WHAT IS REQUIRED: Repeat the listing word for word. No pictures belong in the copy.
__________
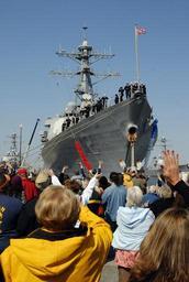 | Keywords: US Navy 090409-N-8907D-216 Family members welcome home Sailors from the guided-missile destroyer USS Mahan (DDG 72).jpg en NORFOLK Va April 9 2009 Family members welcome home Sailors from the guided-missile destroyer USS Mahan DDG 72 during the ship s homecoming at Naval Station Norfolk Mahan returned after a six-month deployment to the U S 5th Fleet area of responsibility as part of Combined Task Force 151 a multinational task force conducting counter-piracy operations to detect and deter piracy in and around the Gulf of Aden Arabian Sea Indian Ocean and Red Sea U S Navy photo by Mass Communication Specialist 3rd Class David Danals/Released 2009-04-09 090409-N-8907D-216 Navy http //www navy mil/view_image asp id 70443 U S Navy photo by Mass Communication Specialist 3rd Class David Danals PD-USGov-Military-Navy Naval Station Norfolk USS Mahan DDG-72 |
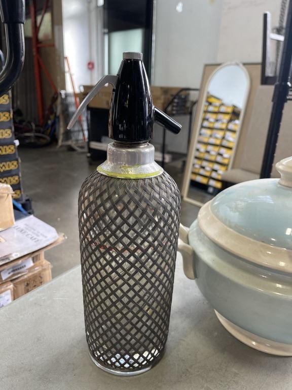 VINTAGE SELTZER BOTTLE AND LIDDED TOUREEN
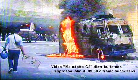 Apprezzo molto lo sforzo per ricostruire gli avvenimenti di Piazza Alimonda. Contesto ovviamente alcuni commenti e ricostruzioni: a) accettare che un poliziotto possa rimanere scioccato davanti ad un cadavere, è già un grande passo, anche se personalmente penso che forse (non possiedo il video citato), rimanendo con almeno un piede d'appoggio e compiendo una rotazione per prendere la scatola dei filtri (confermo che è una scatola per filtri, non si capisce bene il modello della maschera, ma le dimensioni e il packagin, e il peso possano essere compatibili), le ginocchia, il sinistro in evidenza, abbiano potuto assumere quella posizione; b) interessanti sono le interpolazioni con i figuri in nero in combutta con la Polizia. c)il vilipendio di cadavere, mi sembra esagerato altrimenti come volontario di C.R.I. avrei vilipeso un centinaio di persone; d)il contenuto delle tasche, come la liberazione del corpo di un ferito, è uno dei primi punti da seguire. Mettiamo caso che il paziente possa essere diabetico od allergico a farmaci, le informazioni personali stanno comunemente nel portafoglio. Beati luoghi comuni. Ma Carlo Giuliani non aveva i documenti... e) la pietra, come il movimento morenico dell'accendino e delle care vecchie diecimila lire posso imputarle al caso. Di certo, una pietra del genere suppongo sia insufficiente a spezzare uno zigomo, ferita compatibile alle perdite di sangue, anche se troppo copiosa. f)una cosa che non riesco ancora a capire è dove cavolo ha preso quell'estintore. Altra osservazione, lo scotch da pacchi a che cavolo gli serviva. Dalle foto si evince che lo aveva da poco (tutto bello lindo, e le sue mani no; tutto bello sudato, e neanche un alone sul cartone interno; e non è neanche ovalizzato). Sarà servito a qualcos'altro? g) non viene preso in considerazione che i componenti del Defender, che avevano le protezioni personali ma non il casco. Io, oggettivamente, avrei avuto paura di trovarmi sul Defender, in tre, tagliato fuori dalla avanguardia del corteo. E dentro un Defender non è che hai troppa libertà di movimenti, per difenderti od onestamente fuggire. Forse anch'io avrei sparato: avrei esploso tutto il caricatore. E l'unico appunto che vi faccio è questo: ma se fosse morto Placanica od il suo collega o l'autista, qualcuno sarebbero riuscito a trovare Carlo Giuliani? Una domanda di cultura generale: il giorno precedente io avevo accompagnato un paio di giornalisti svizzeri per Corso Torino e zone limitrofe, e passammo alcuni minuti prima della foto della camionetta incendiata. La cosa che mi ha colpito è perchè la stragrande maggioranza dei giornalisti stranieri si era portata dietro elmetti in kevlar, giubbotti anti taglio, ed altre minuzie e quelli italiani, no? Che immagine aveva il movimento al di fuori dell'Italia, e che immagine dava l'Italia per la preparazione del G8? Un'altra domanda-tesi: per la gente che ho incontrato in quella zona durante gli scontri, mi sono fatto l'idea che se dovevano esserci delle forze occulte erano tutte fuori dall'Italia. O meglio, scegliete voi l'Agenzia che vi sta più a cuore e scegliete il gruppo sedizioso corrotto preferito, metteteli assieme e portateli a Genova. Io penso che anche le stesse Forze dell'Ordine siano "sbandante", trovandosi gruppi di resistenza e di inermi a fasi alterne. Poi tanto nel casino, c'è sempre qualcuno che si aggiunge. Grazie ancora per il lavoro svolto, ma vi chiederei di essere un po' più obiettivi nei giudizi, tanto avete la certezza che non si scoprirà mai la verità! Viva l'Italia!
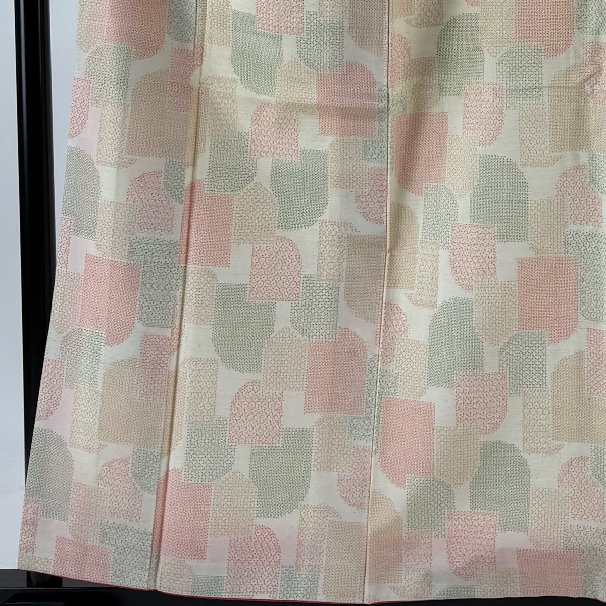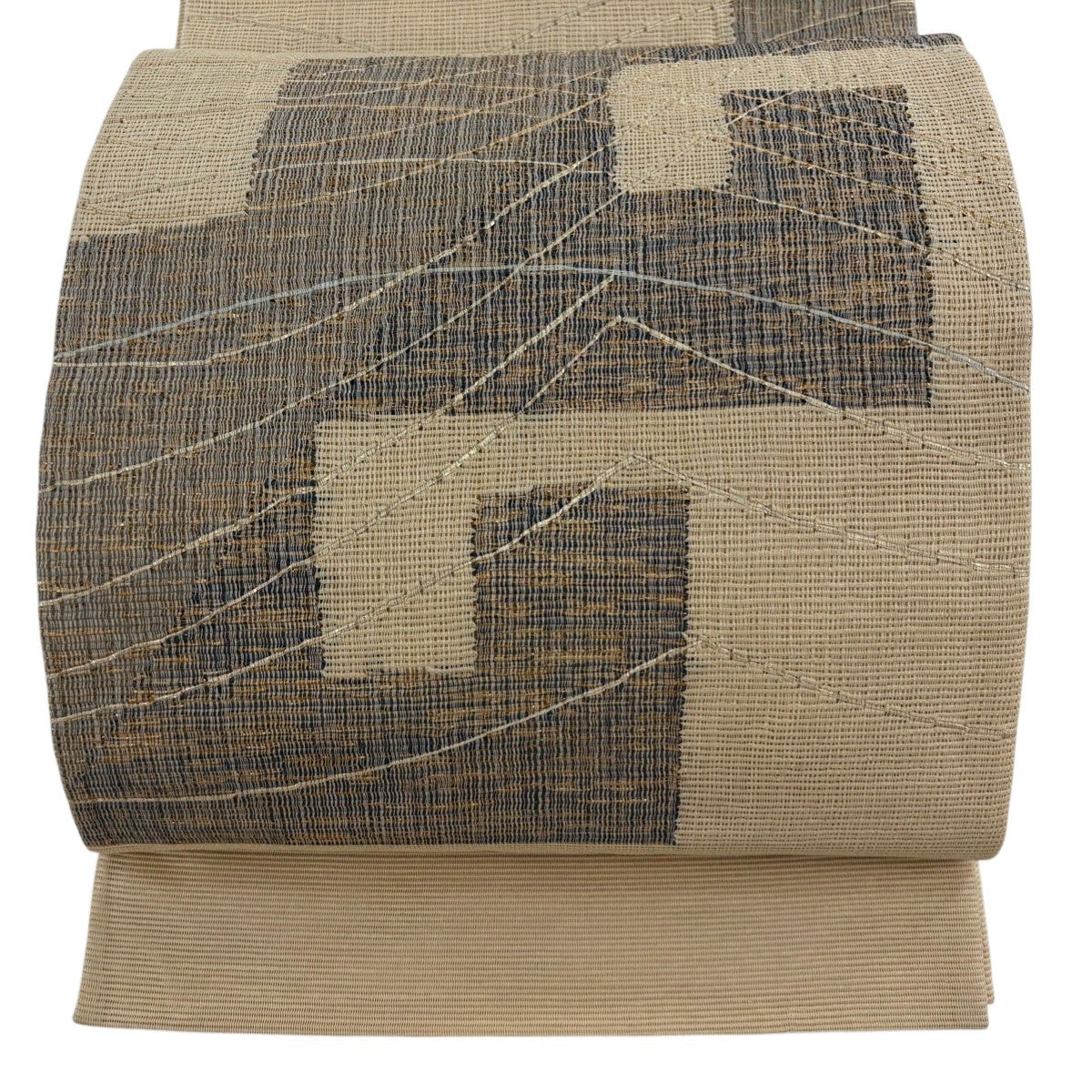 【美品】 名古屋帯 秀品 夏帯 八寸名古屋帯 松葉仕立て 幾何学 ベージュ 正絹
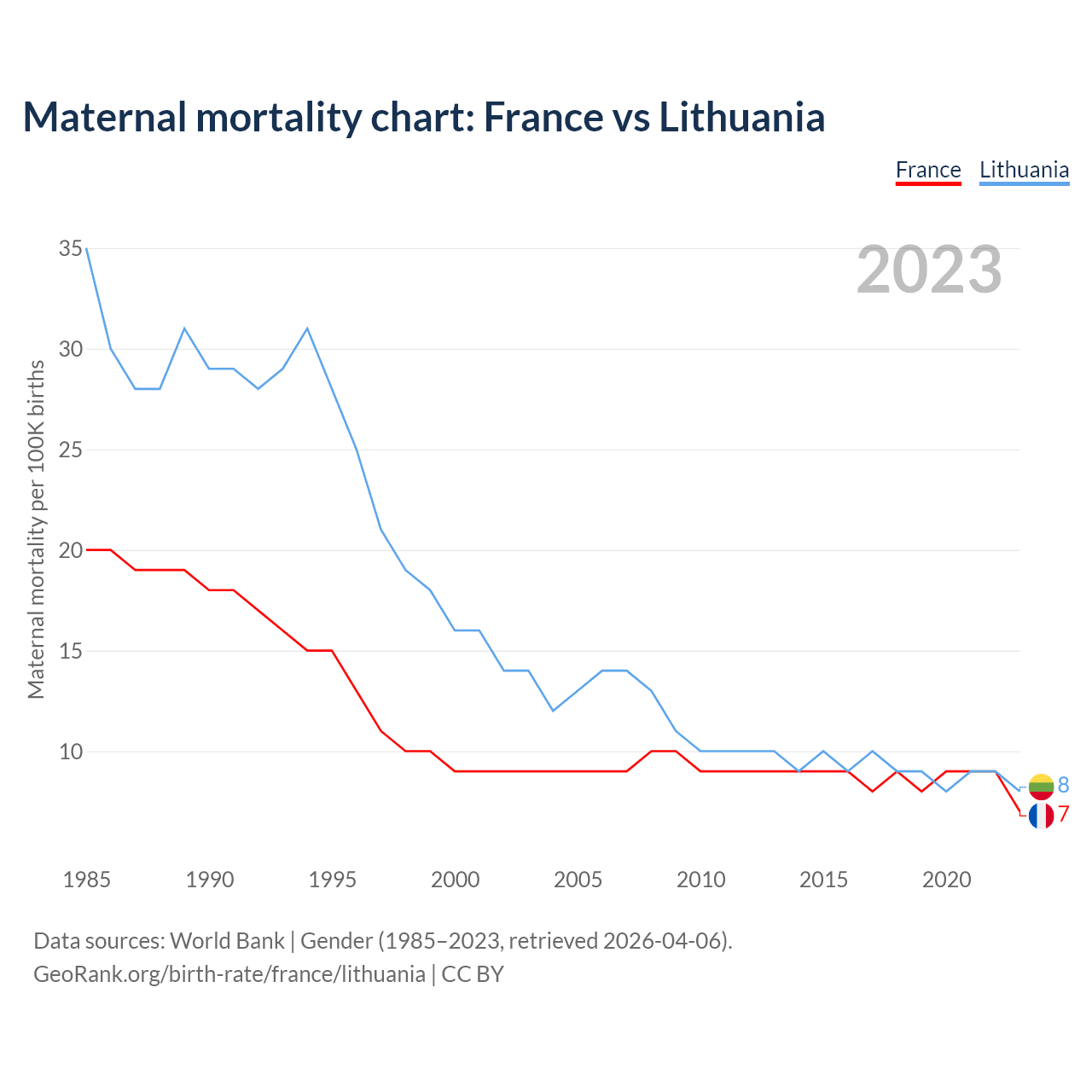 The maternal mortality rate, which is the probability of dying during childbirth or within 42 days of pregnancy termination, is 7 deaths per 100,000 live births in France, compared to 8 deaths in Lithuania.
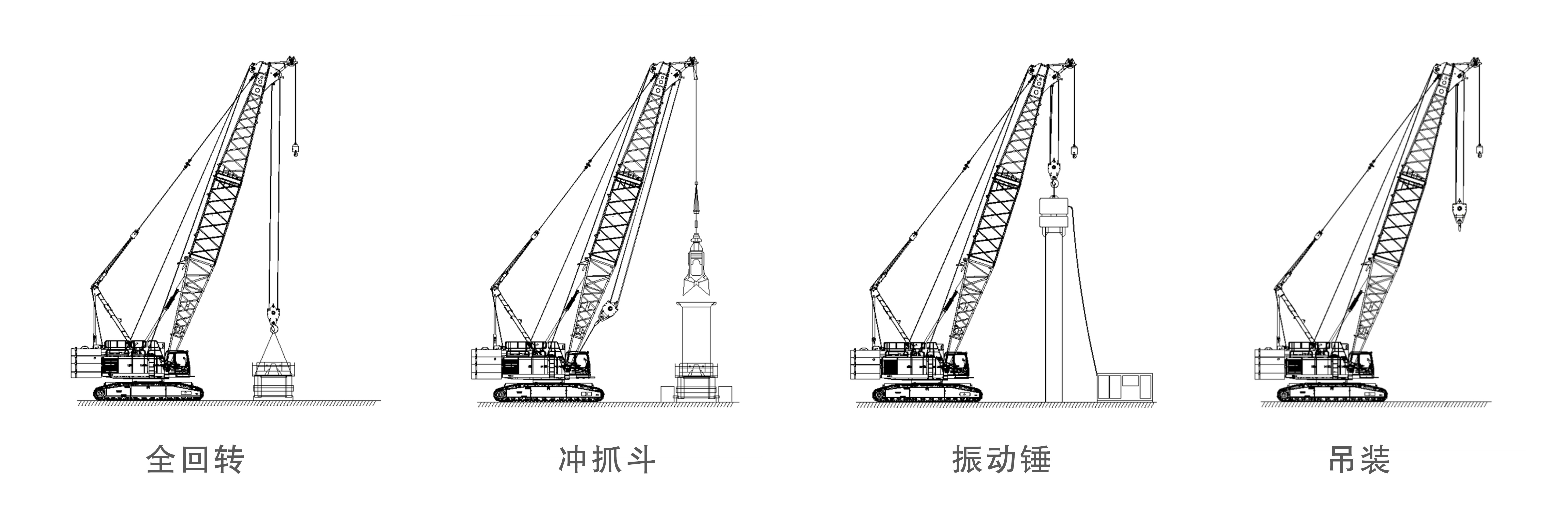 满足冲抓斗、SDDC、强夯、振冲和吊装等基础施工工况,满足一机多用;拥有液压锤动力外输技术。
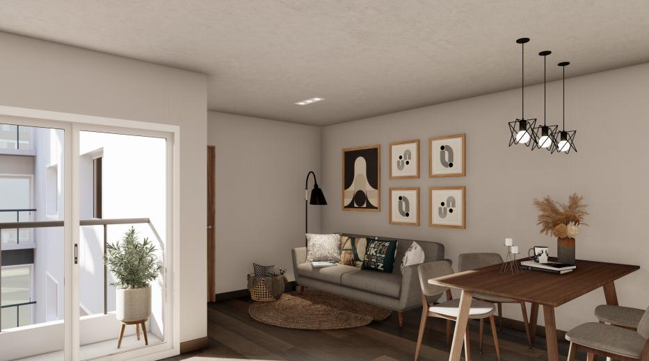 Un dormitorio al frente con cocina integrada al living, dormitorio con placar frente e interiores, balcón.
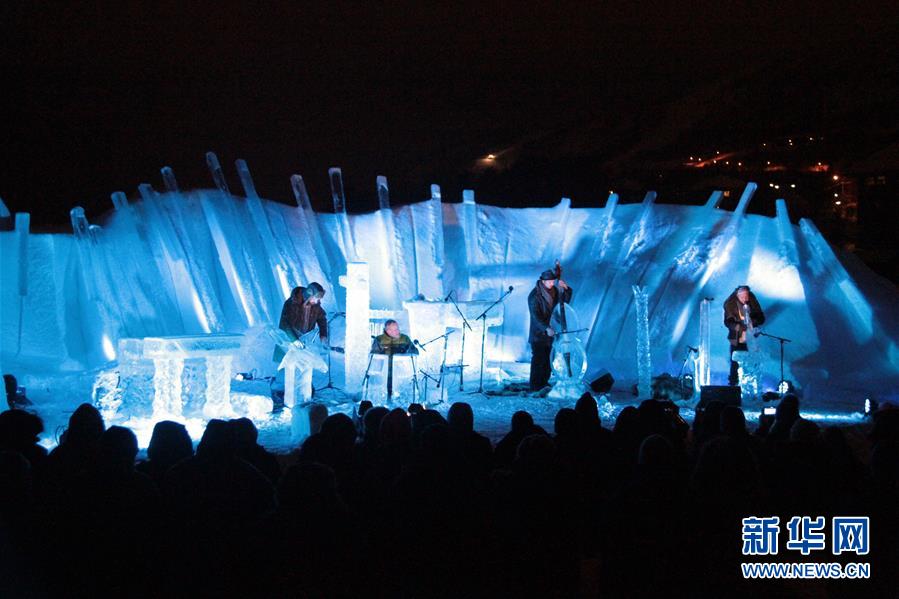2月10日,在挪威中部小鎮(zhèn)耶盧,藝人在冰舞臺(tái)上表演。風(fēng)格獨(dú)特的挪威冰音樂(lè)節(jié)于2月9日至12日在耶盧舉行,表演所用的全部樂(lè)器均由當(dāng)?shù)靥烊槐龀伞?新華社記者梁有昶攝
__________
RESULT OF THIS TASK:
 | Keywords: US Navy 090409-N-8907D-216 Family members welcome home Sailors from the guided-missile destroyer USS Mahan (DDG 72).jpg en NORFOLK Va April 9 2009 Family members welcome home Sailors from the guided-missile destroyer USS Mahan DDG 72 during the ship s homecoming at Naval Station Norfolk Mahan returned after a six-month deployment to the U S 5th Fleet area of responsibility as part of Combined Task Force 151 a multinational task force conducting counter-piracy operations to detect and deter piracy in and around the Gulf of Aden Arabian Sea Indian Ocean and Red Sea U S Navy photo by Mass Communication Specialist 3rd Class David Danals/Released 2009-04-09 090409-N-8907D-216 Navy http //www navy mil/view_image asp id 70443 U S Navy photo by Mass Communication Specialist 3rd Class David Danals PD-USGov-Military-Navy Naval Station Norfolk USS Mahan DDG-72 |
 VINTAGE SELTZER BOTTLE AND LIDDED TOUREEN
 Apprezzo molto lo sforzo per ricostruire gli avvenimenti di Piazza Alimonda. Contesto ovviamente alcuni commenti e ricostruzioni: a) accettare che un poliziotto possa rimanere scioccato davanti ad un cadavere, è già un grande passo, anche se personalmente penso che forse (non possiedo il video citato), rimanendo con almeno un piede d'appoggio e compiendo una rotazione per prendere la scatola dei filtri (confermo che è una scatola per filtri, non si capisce bene il modello della maschera, ma le dimensioni e il packagin, e il peso possano essere compatibili), le ginocchia, il sinistro in evidenza, abbiano potuto assumere quella posizione; b) interessanti sono le interpolazioni con i figuri in nero in combutta con la Polizia. c)il vilipendio di cadavere, mi sembra esagerato altrimenti come volontario di C.R.I. avrei vilipeso un centinaio di persone; d)il contenuto delle tasche, come la liberazione del corpo di un ferito, è uno dei primi punti da seguire. Mettiamo caso che il paziente possa essere diabetico od allergico a farmaci, le informazioni personali stanno comunemente nel portafoglio. Beati luoghi comuni. Ma Carlo Giuliani non aveva i documenti... e) la pietra, come il movimento morenico dell'accendino e delle care vecchie diecimila lire posso imputarle al caso. Di certo, una pietra del genere suppongo sia insufficiente a spezzare uno zigomo, ferita compatibile alle perdite di sangue, anche se troppo copiosa. f)una cosa che non riesco ancora a capire è dove cavolo ha preso quell'estintore. Altra osservazione, lo scotch da pacchi a che cavolo gli serviva. Dalle foto si evince che lo aveva da poco (tutto bello lindo, e le sue mani no; tutto bello sudato, e neanche un alone sul cartone interno; e non è neanche ovalizzato). Sarà servito a qualcos'altro? g) non viene preso in considerazione che i componenti del Defender, che avevano le protezioni personali ma non il casco. Io, oggettivamente, avrei avuto paura di trovarmi sul Defender, in tre, tagliato fuori dalla avanguardia del corteo. E dentro un Defender non è che hai troppa libertà di movimenti, per difenderti od onestamente fuggire. Forse anch'io avrei sparato: avrei esploso tutto il caricatore. E l'unico appunto che vi faccio è questo: ma se fosse morto Placanica od il suo collega o l'autista, qualcuno sarebbero riuscito a trovare Carlo Giuliani? Una domanda di cultura generale: il giorno precedente io avevo accompagnato un paio di giornalisti svizzeri per Corso Torino e zone limitrofe, e passammo alcuni minuti prima della foto della camionetta incendiata. La cosa che mi ha colpito è perchè la stragrande maggioranza dei giornalisti stranieri si era portata dietro elmetti in kevlar, giubbotti anti taglio, ed altre minuzie e quelli italiani, no? Che immagine aveva il movimento al di fuori dell'Italia, e che immagine dava l'Italia per la preparazione del G8? Un'altra domanda-tesi: per la gente che ho incontrato in quella zona durante gli scontri, mi sono fatto l'idea che se dovevano esserci delle forze occulte erano tutte fuori dall'Italia. O meglio, scegliete voi l'Agenzia che vi sta più a cuore e scegliete il gruppo sedizioso corrotto preferito, metteteli assieme e portateli a Genova. Io penso che anche le stesse Forze dell'Ordine siano "sbandante", trovandosi gruppi di resistenza e di inermi a fasi alterne. Poi tanto nel casino, c'è sempre qualcuno che si aggiunge. Grazie ancora per il lavoro svolto, ma vi chiederei di essere un po' più obiettivi nei giudizi, tanto avete la certezza che non si scoprirà mai la verità! Viva l'Italia!
 【美品】 名古屋帯 秀品 夏帯 八寸名古屋帯 松葉仕立て 幾何学 ベージュ 正絹
 The maternal mortality rate, which is the probability of dying during childbirth or within 42 days of pregnancy termination, is 7 deaths per 100,000 live births in France, compared to 8 deaths in Lithuania.
 满足冲抓斗、SDDC、强夯、振冲和吊装等基础施工工况,满足一机多用;拥有液压锤动力外输技术。
 Un dormitorio al frente con cocina integrada al living, dormitorio con placar frente e interiores, balcón.
2月10日,在挪威中部小鎮(zhèn)耶盧,藝人在冰舞臺(tái)上表演。風(fēng)格獨(dú)特的挪威冰音樂(lè)節(jié)于2月9日至12日在耶盧舉行,表演所用的全部樂(lè)器均由當(dāng)?shù)靥烊槐龀伞?新華社記者梁有昶攝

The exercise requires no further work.